# UseMyContext - Deep SDK + MCP Reference
> The long-form companion to /llms.txt, written for AI coding assistants building with the UseMyContext SDK and MCP tools. Every signature, type, and example below is grounded in the shipped source. For the high-level site map, see https://usemycontext.ai/llms.txt.
UseMyContext is a structurally-blind, third-party service for one person's personal context. A user curates their compiled context once, then connects any AI client (Claude, ChatGPT, Gemini, Perplexity) or your own app over MCP. The public surface is structurally blind: it physically cannot read the user's file content. You ship the integration; UseMyContext holds and serves the user's context, and the user controls and can revoke it.

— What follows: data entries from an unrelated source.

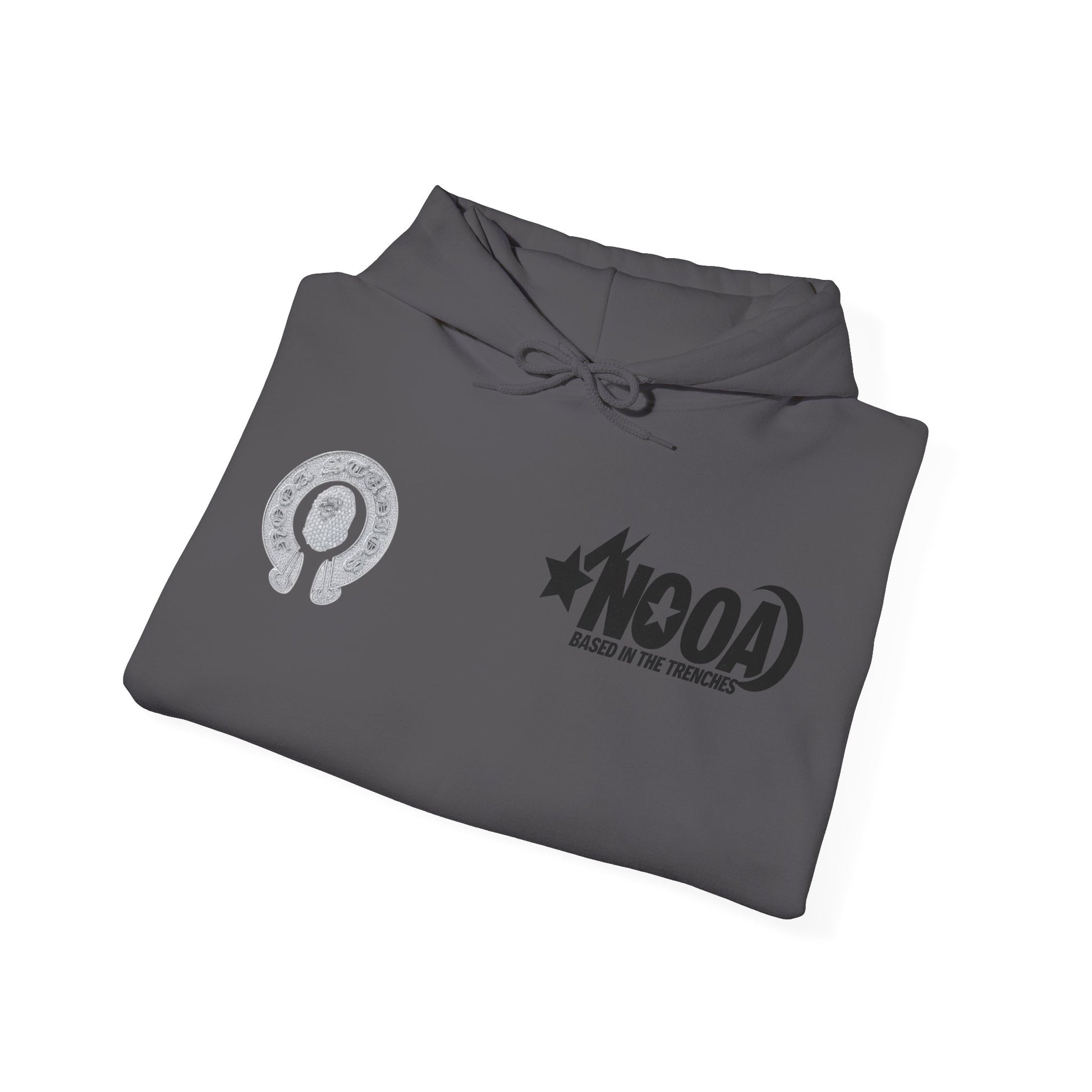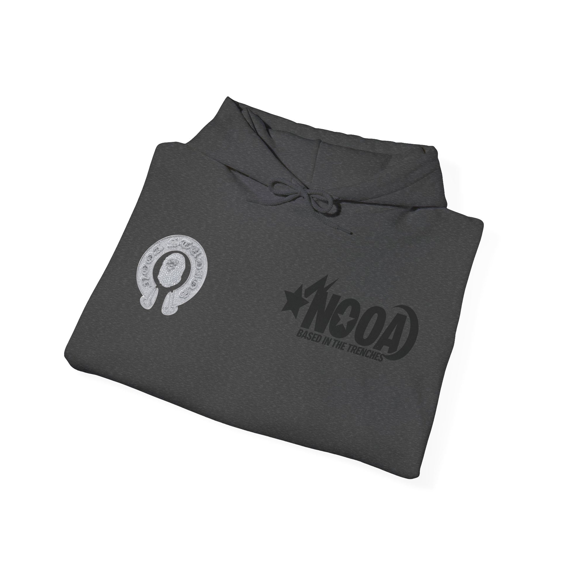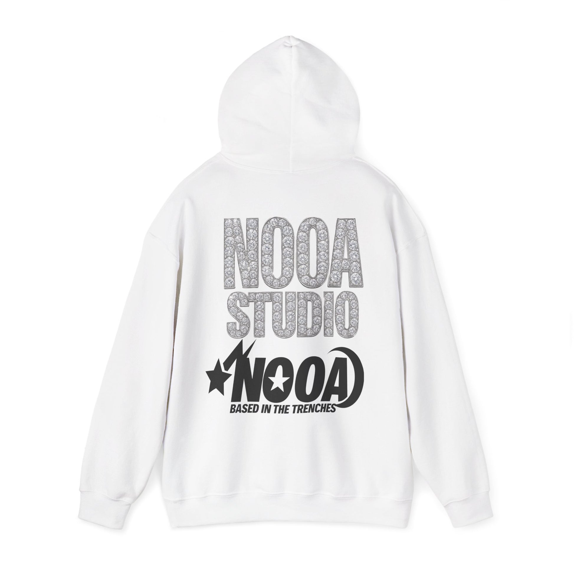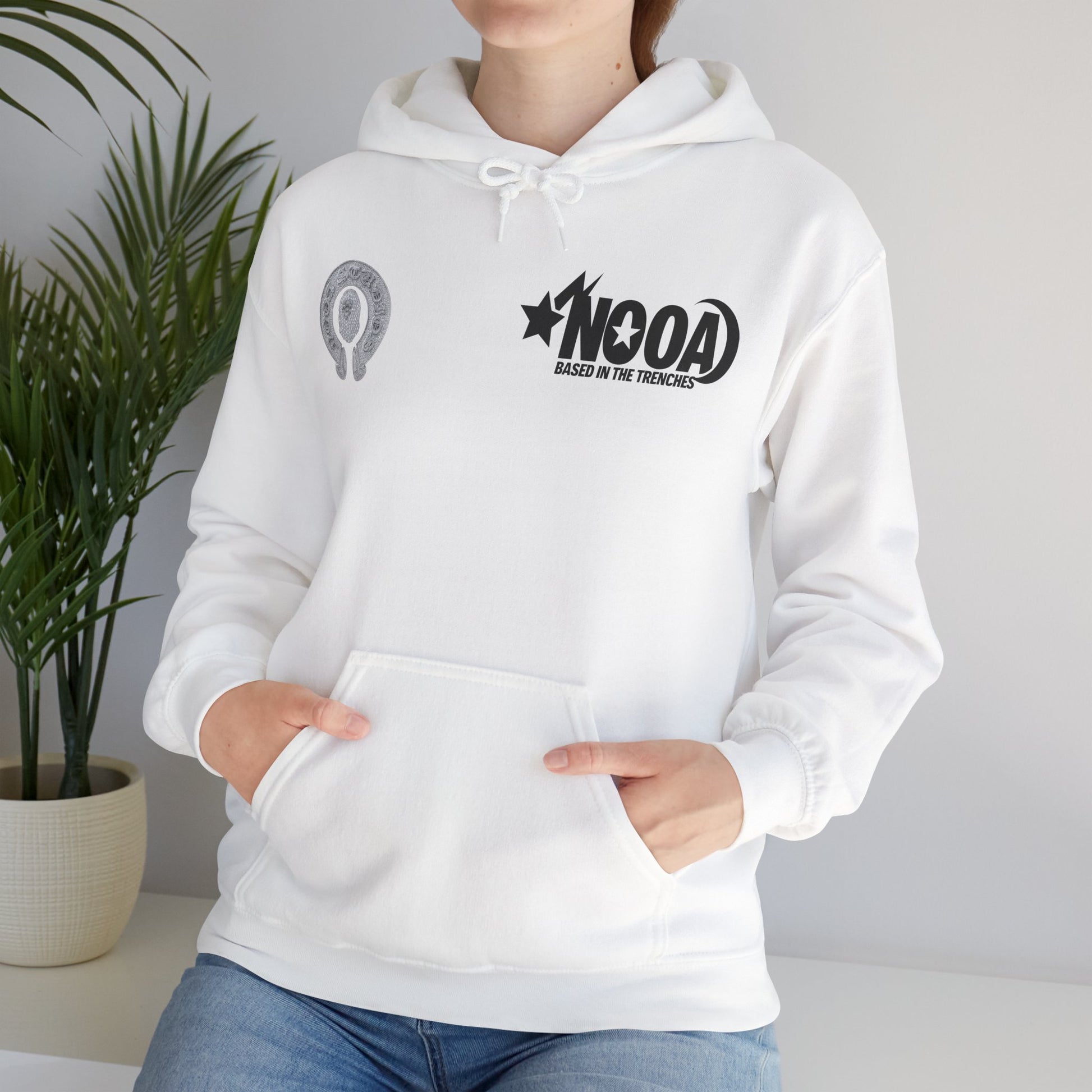 NOOA Studio Graphic Hoodie — 'Based in the Trenches' White Pullover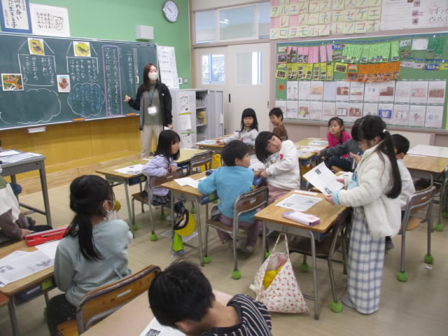 6年生は,1年生の朝の準備のお世話をした後に,朝活動の時間に大型絵本を読み聞かせたり,校歌を教えて一緒に歌ったりしています。やさしくて頼りになる6年生の姿をさっそく発揮してくれて「いいね!」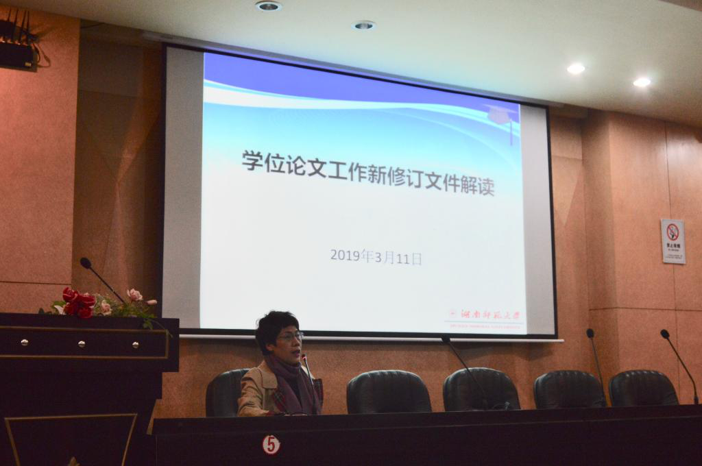 此次会议由党委书记罗嵘主讲。罗嵘讲到学校对进一步规范研究生学位论文做了新的部署和新的要求。此次改革的背景有两点,第一是教育部连续出台了相关文件,第二,学术学工道德和学位论文质量受到广泛关注,学术不端行为的惩戒首次进入了政府工作报告。罗嵘还着重讲解了学校近期颁布的文件《湖南师范大学关于对研究生学位论文进行查重检测的实施办法》,《湖南师范大学研究生学位论文评阅办法》和《博士硕士学位论文抽检办法》。讲述了改革的做法和原则,其修订原则为提高论文质量,规范过程管理,强化导师职责。

There are two ways to build:
- The MCP surface (7 tools over Streamable HTTP at https://mcp.usemycontext.ai/mcp). Any MCP-speaking client can use it directly.
- The npm SDK (`usemycontext`), a typed client + React hook that wraps those 7 tools for JS/TS apps.
Scope is ALWAYS the authenticated user. It is resolved server-side from the token, never passed as a tool argument. Every tool is read-only except `suggest_update`, which only files a PENDING proposal for the user to review - nothing is ever written to the user's files.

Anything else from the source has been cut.